Functional enrichment analysis
The 1520 genes identified were uploaded to DAVID for functional enrichment analysis. Numerous GO-BP terms and KEGG pathways were enriched, and those with the smallest P-values are listed in Tables 2 and 3. Specifically, biological processes related to cell growth and apoptosis were highly enriched.
Table 2.
| GO ID | Term | Gene counts | P-value |
|---|---|---|---|
| GO:0046907 | Intracellular transport | 103 | 2.75E-10 |
| GO:0007049 | Cell cycle | 114 | 1.42E-09 |
| GO:0045449 | Regulation of transcription | 294 | 2.22E-09 |
| GO:0045184 | Establishment of protein localization | 109 | 2.51E-08 |
| GO:0043067 | Regulation of programmed cell death | 113 | 3.66E-08 |
| GO:0010941 | Regulation of cell death | 113 | 4.47E-08 |
| GO:0015031 | Protein transport | 107 | 5.61E-08 |
| GO:0010608 | Posttranscriptional regulation of gene expression | 43 | 7.31E-08 |
| GO:0042981 | Regulation of apoptosis | 111 | 7.51E-08 |
| GO:0043069 | Negative regulation of programmed cell death | 61 | 1.12E-07 |
GO, gene ontology.
Table 3.
| KEGG Pathway | Gene counts | P-value |
|---|---|---|
| hsa05200: Pathways in cancer | 76 | 1.00E-14 |
| hsa05215: Prostate cancer | 29 | 2.20E-09 |
| hsa05210: Colorectal cancer | 28 | 2.52E-09 |
| hsa05220: Chronic myeloid leukemia | 23 | 4.79E-07 |
| hsa05212: Pancreatic cancer | 22 | 9.72E-07 |
| hsa04115: p53 signaling pathway | 21 | 1.53E-06 |
| hsa05213: Endometrial cancer | 18 | 1.85E-06 |
| hsa05221: Acute myeloid leukemia | 19 | 2.17E-06 |
| hsa05218: Melanoma | 20 | 1.29E-05 |
| hsa04722: Neurotrophin signaling pathway | 28 | 1.44E-05 |
KEGG, Kyoto Encyclopedia of Genes and Genomes.
PPI pairs and PPI-miRNA network
The genes targeted by the differentially expressed miRNAs were imported to the STRING database, and 2543 PPI pairs were obtained. Using the Cytoscape software, we merged the PPI network and miRNA-target-gene network into a whole PPI-miRNA network. Module clustering analysis of this network was then performed. Three significant modules containing miRNAs (miR-424, miR-421, miR-15a, and miR-542-3p) were obtained (Figure 2). Genes linking to miR-424 with the highest node scores (CDK1, CDK6, and CCND3) in module A (Figure 2a) were involved in biological processes related to cell growth and apoptosis, as mentioned above.
Figure 2.
Three protein-protein interaction (PPI)-miRNA modules were constructed using Cytoscape software. Modules A, B, and C involved miR-424, both miR-542-3p and miR-15a, and miR-421, respectively. Red diamonds represent up-regulated miRNAs, and blue ellipses represent target genes.
Discussion
AF is the leading cause of stroke and atrial appendage thrombus formation worldwide and is a major medical problem.1,2 In the present study, we used publicly available miRNA microarray data and novel bioinformatic approaches to predict the potential key miRNAs and genes associated with the pathogenesis of AF.

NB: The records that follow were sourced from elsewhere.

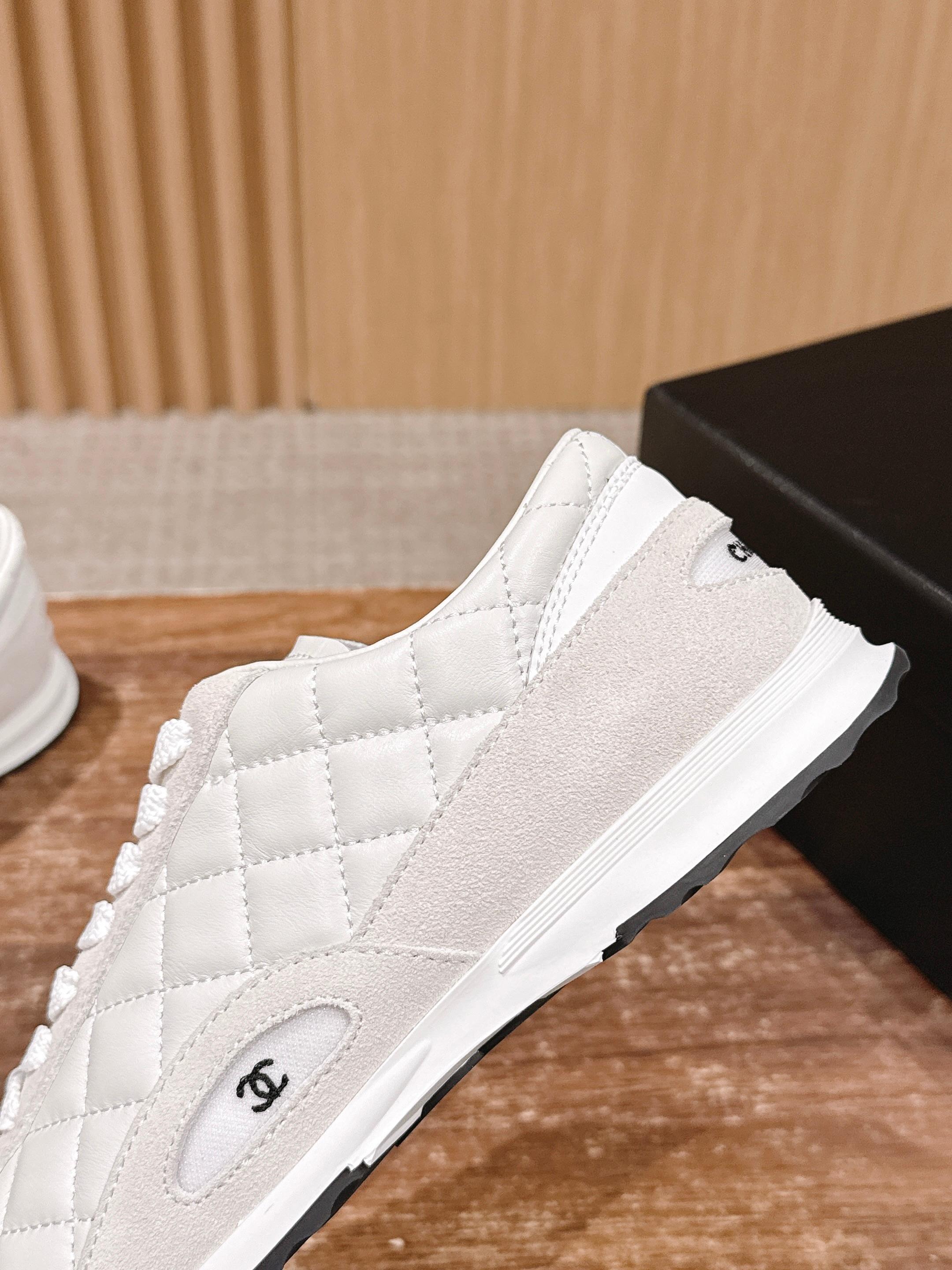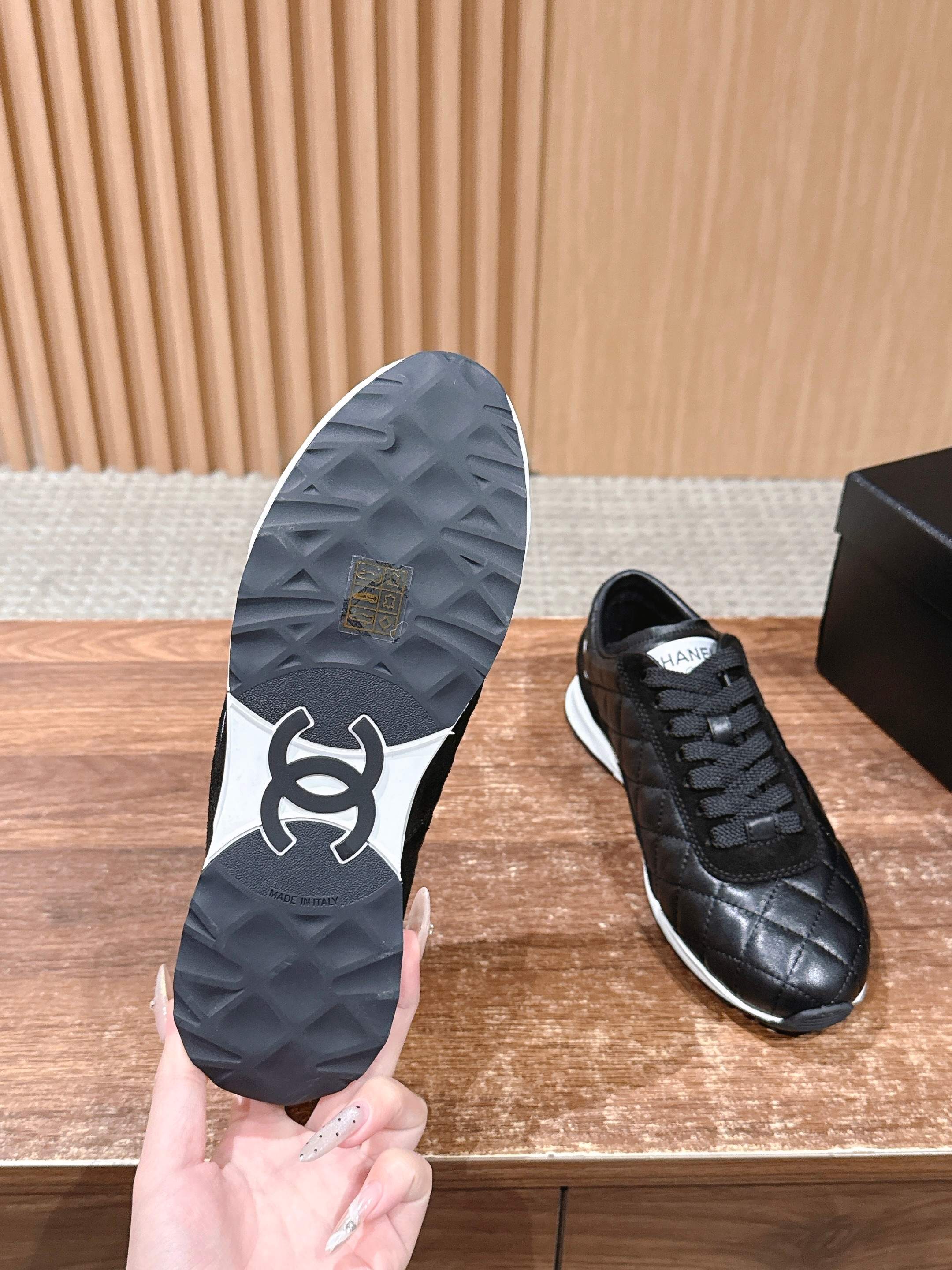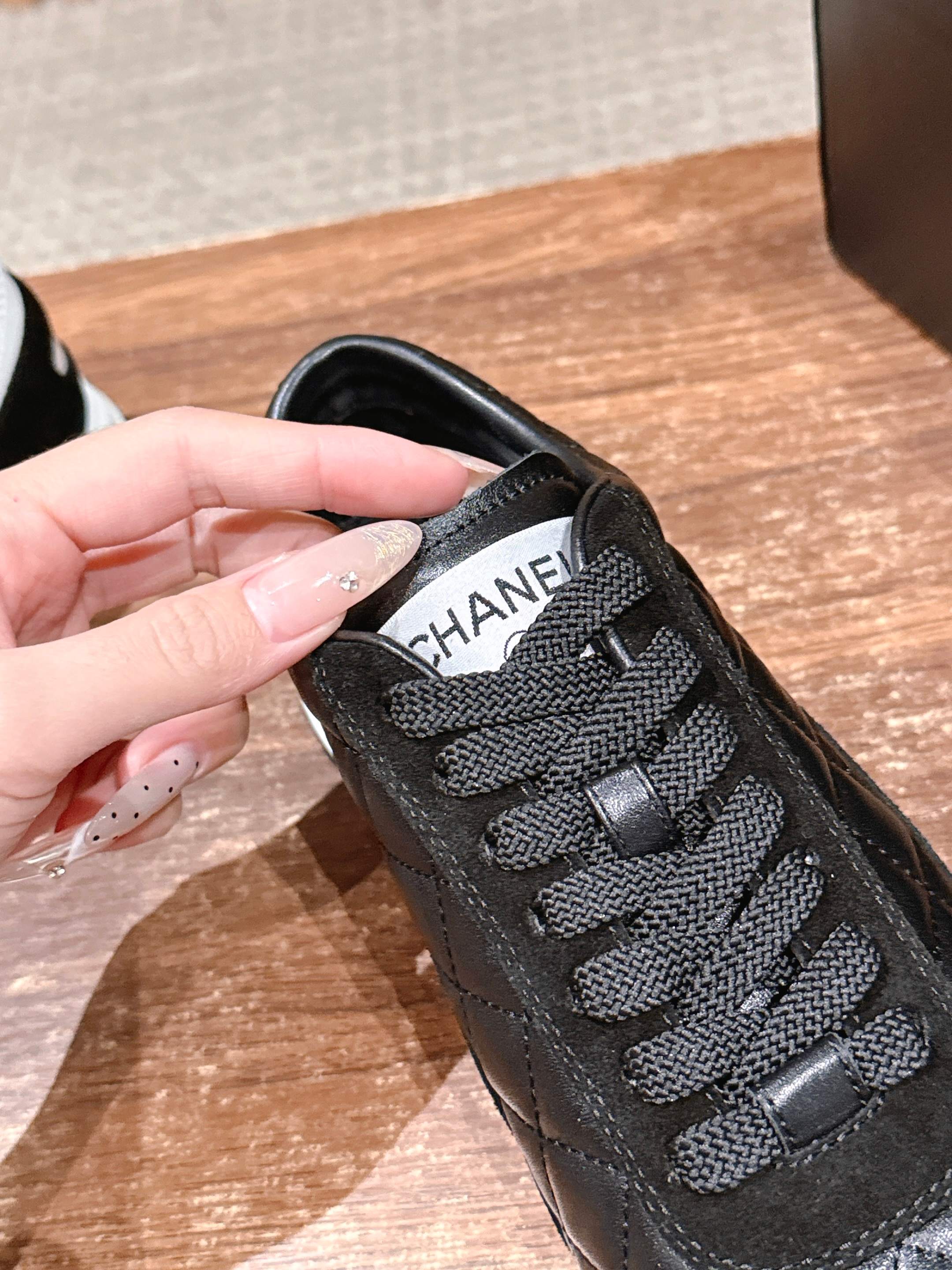 CHANEL 香奈儿26C最新配色菱格运动鞋‼ 香家隐藏大爆款最新色网球鞋!纯原小羊皮超级软,大大的鞋舌是这款鞋的灵魂!整鞋纯原渠道材料!独家zp私模大底! 鞋面:牛反绒+柔软进口防水布+后包牛皮 内里:垫脚:采用羊皮+超柔软毛巾布 大底:莱卡布垫压EvA发泡脚床+橡胶模具大底 跟高:2.5CM 尺码:35/36/37/38/39/40(40不退换)
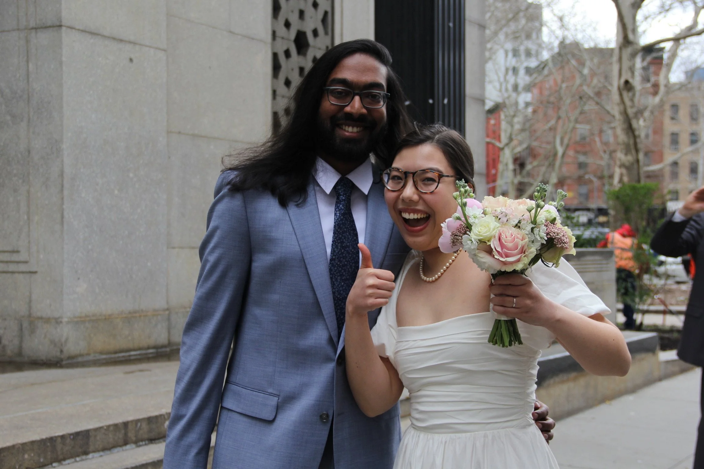 Ten years later, they have a cat named Beatrice and a cozy (if chaotic) life together in New York City, where they enjoy eating late-night halal and admiring the local fauna—especially the pink pigeon that lives in their building’s courtyard.
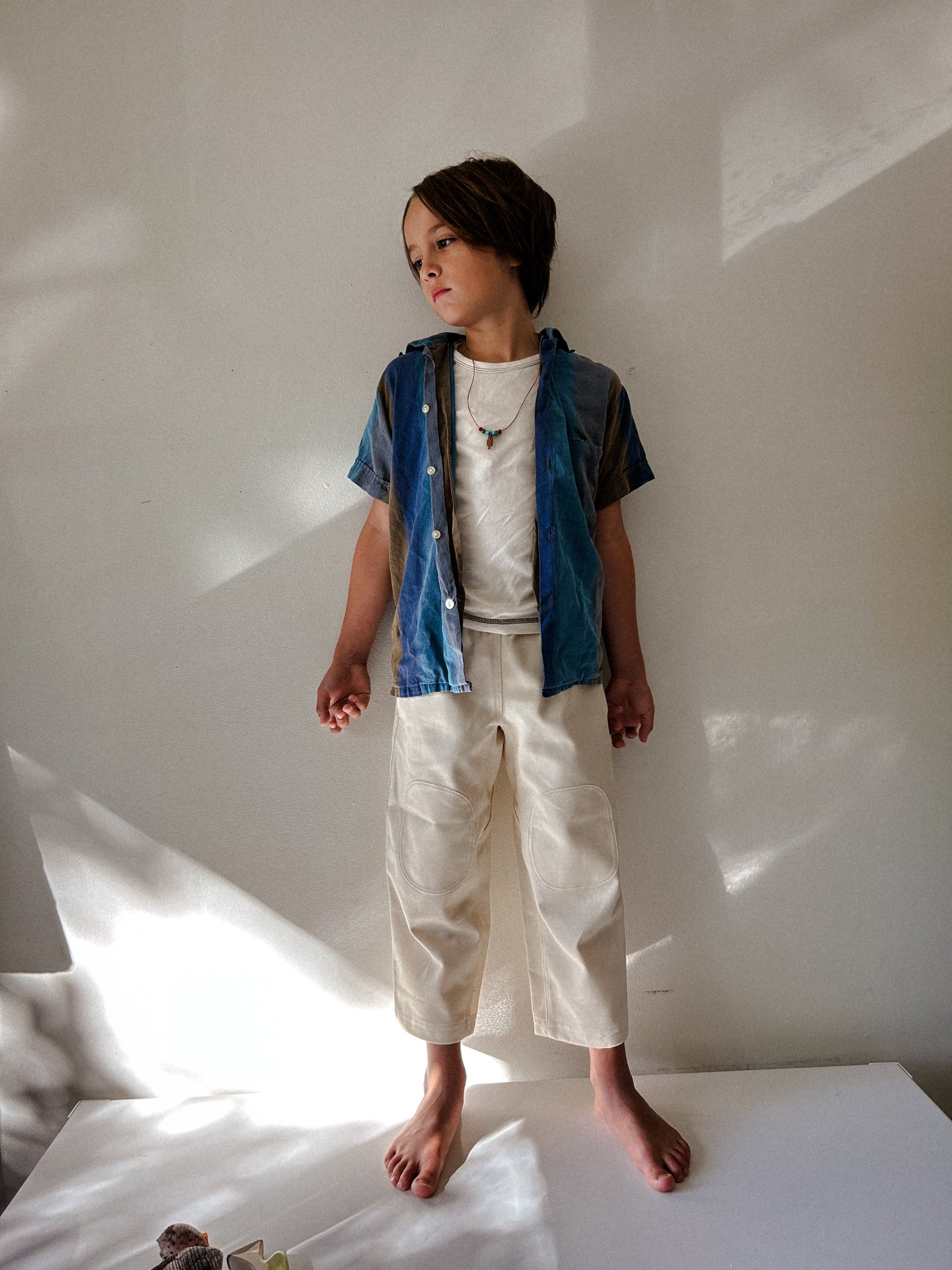Designed to accompany your little one on their daily adventures, whether it’s a last-minute grocery run or an ascent to the tallest peaks. The Mountain Pant aims to harness energy from great explorers with its rugged yet classic cut. Inspired by vintage climbing pants, the Mountain Pant features an elastic waistband with a drawstring for easy adjustment, a gusset, and knee patches for added durability. Deep side pockets are perfect for treasures found along the way, and a back snap pocket keeps other adventure essentials secure. Made for big movements, these pants are ready to support your little one as they build their story.
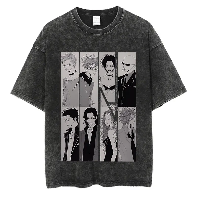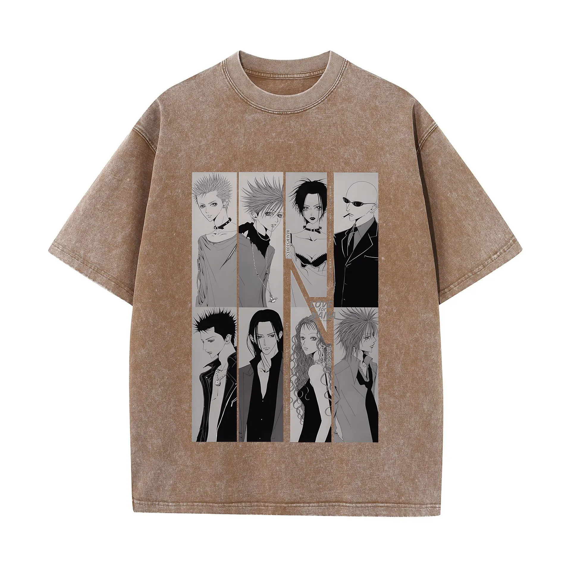 Anime japonais Nana Osaki imprimé Vintage lavé T-Shirt Harajuku Streetwear graphique T-Shirt été à manches courtes coton T-Shirt
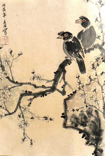 Ma-mei. (Black and white birds on branch with white blossoms) Watercolor c.1930
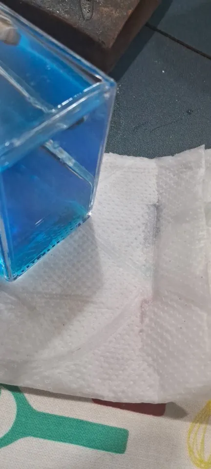 Unfortunately, there are more solid particles in the blue liquid.
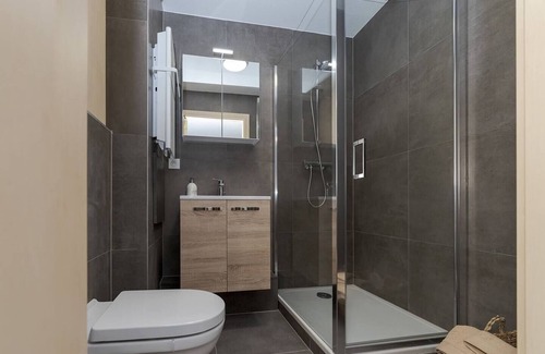 The apartment has a comfortable bedroom with a double bed. The bathroom is fitted with a shower and a toilet.
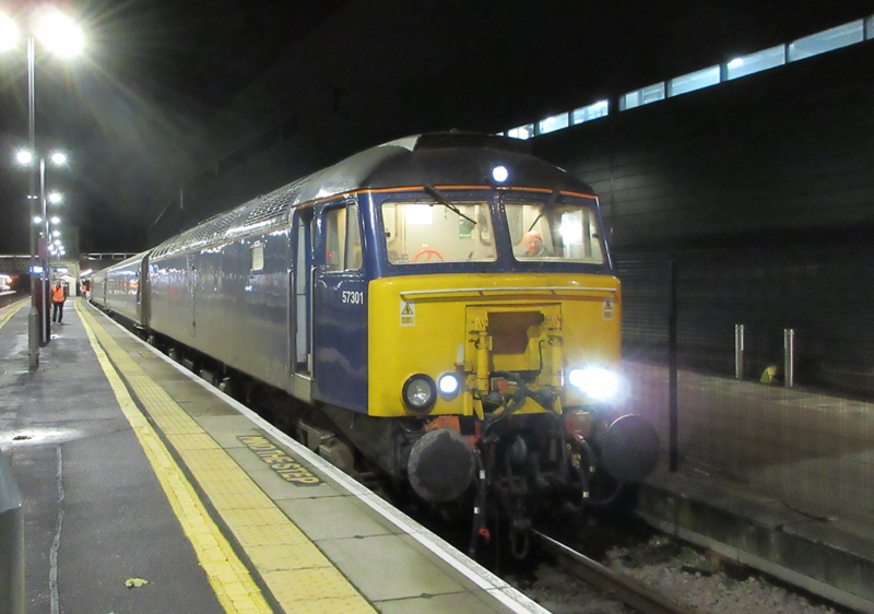 57301 with the sleeper emcars Reading, then Paddington bound at Exeter SD on December 9th 2025
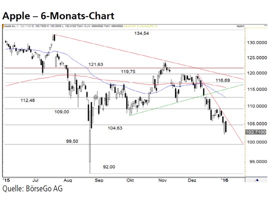 Ausblick: Die Verkaufswelle bei den Aktien von Apple nimmt bedrohliche Züge an. Es fehlt nicht mehr viel und der Wert könnte bis an das Vorjahrestief durchgereicht werden. Die Short-Szenarien: Sollte es den Bullen jetzt nicht gelingen, die Unterstützung bei 104,63 USD zurückzuerobern, käme es zu einem weiteren Einbruch bis an die Haltemarke bei 99,50 USD. An dieser Stelle hätte die Käuferseite erneut die Chance, eine kurzfristige Erholung zu beginnen. Wird die Marke dagegen im weiteren Verlauf unterschritten, wäre der Abwärtstrend seit Mitte Juli wieder aktiviert und ein Einbruch bis 92,00 USD die Folge. An dieser Stelle könnte sich allerdings ein tragfähiger Boden entwickeln. Die Long-Szenarien: Der seit Dezember laufende Abwärtsimpuls wäre aktuell dagegen erst bei einem nachhaltigen Anstieg über den Widerstand bei 109,00 USD unterbrochen. Damit wäre zugleich auch die kurzfristigen Abwärtstrendlinie überschritten und eine Aufwärtsbewegung bis 112,48 USD wahrscheinlich. Kann auch diese Hürde geknackt werden, stünde eine Ausweitung der Erholung bis 116,69 USD auf der Agenda.
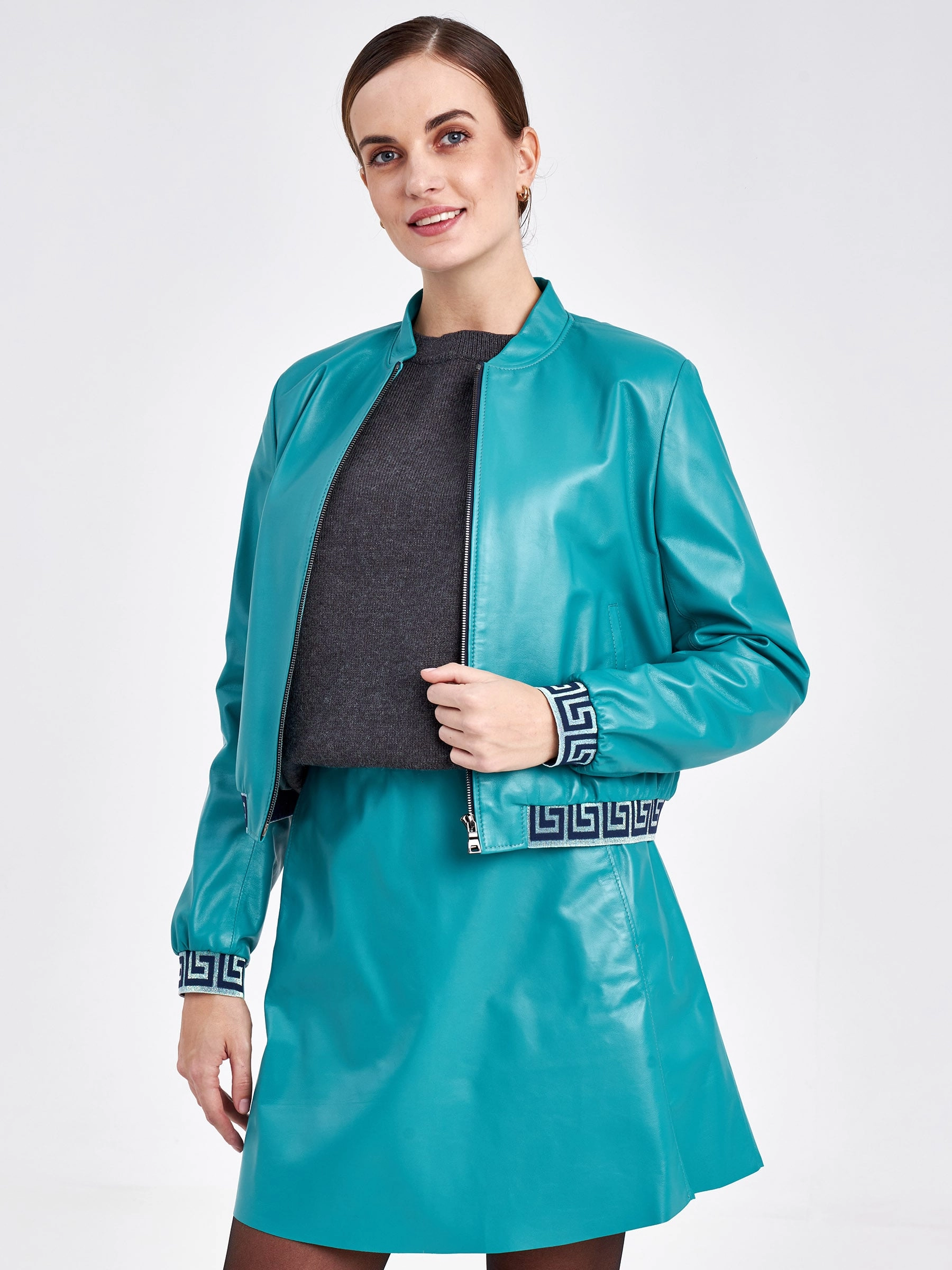 Кожаная куртка бомбер женская 3001, бирюзовый, размер 46, артикул 23070

In our functional enrichment analysis, biological processes related to cell growth and apoptosis were highly enriched. Moreover, in the PPI-miRNA network, we showed that genes CDK1, CDK6, and CCND3, linked to miR-424, were involved in these biological processes, suggesting their role in the pathogenesis of AF.
The role of abnormal cell growth and apoptosis in AF and other heart diseases has been studied previously. Expression of certain genes associated with cell growth and the cell cycle has been found to be altered in patients with AF, especially in fibroblasts of the heart.21,22 AF is associated with structural remodeling of the atria, the hallmark of which is development and progression of atrial fibrosis, in which growth of fibroblasts is stimulated.23 In contrast, dedifferentiation of atrial myocytes has been found in AF, and this process is mediated by atrial fibroblast activation.24
CDK1 (Cyclin-dependent kinase 1) is a highly conserved protein that functions as a serine/threonine kinase and is a key player in cell cycle regulation.25 In an animal study, isoproterenol-induced cardiac fibrosis was shown to be associated with increased levels of CDK1 in fibroblasts exclusively in the adult mouse heart; thus, targeting CDK1 in the diseased heart may inhibit fibrosis and confer cardioprotection.26 Another study showed that estrogen loss is associated with cardiac fibrosis and diastolic dysfunction. GPR30 (G protein-coupled estrogen receptor) is expressed in rat cardiac fibroblasts, and activation of GPR30 limits proliferation of these cells by suppressing cell cycle proteins including CDK1.27
CDK6 is a member of the family of serine/threonine kinases and a key regulator during the G1/S cell cycle transition.28 Aberrant CDK6 expression has been reported in various cancer types,29–32 suggesting its involvement in aberrant cell cycle and uncontrolled cell growth. CDK6 has also been reported to be involved in certain heart diseases. For example, inflammation is associated with various cardiovascular diseases, of which C-reactive protein is a marker. C-reactive protein treatment of cardiac myocytes results in a significant reduction in the levels of CDK6 in a concentration-dependent manner.33 In turn, depression of CDK6 contributes to the effect of attenuation of miR-1 on provoking cardiomyocyte hypertrophy.34
CCND3, the gene encoding cyclin D3, is a regulator of progression through the G1 phase of the cell cycle. It is an oncogene in various B-cell lymphoma subtypes.35,36 Rho-associated coiled-coil kinases play a role in cardiac cell physiology and are also expressed in the developing heart, the blockade of which decreases expression of cell cycle proteins, including cyclin D3, in cardiomyocytes.37
MiR-424 plays a role in cell cycle regulation.38,39 It is reported to be involved in the differentiation of cardiac myocytes, and altered expression of miR-424 is associated with certain heart diseases, such as heart failure40 and tetralogy of Fallot.41 In our PPI-miRNA module A (Figure 2a), CDK1, CDK6, and CCND3 were co-regulated by miR-424. Hence, miR-424 may be a central regulator in the pathogenesis of AF.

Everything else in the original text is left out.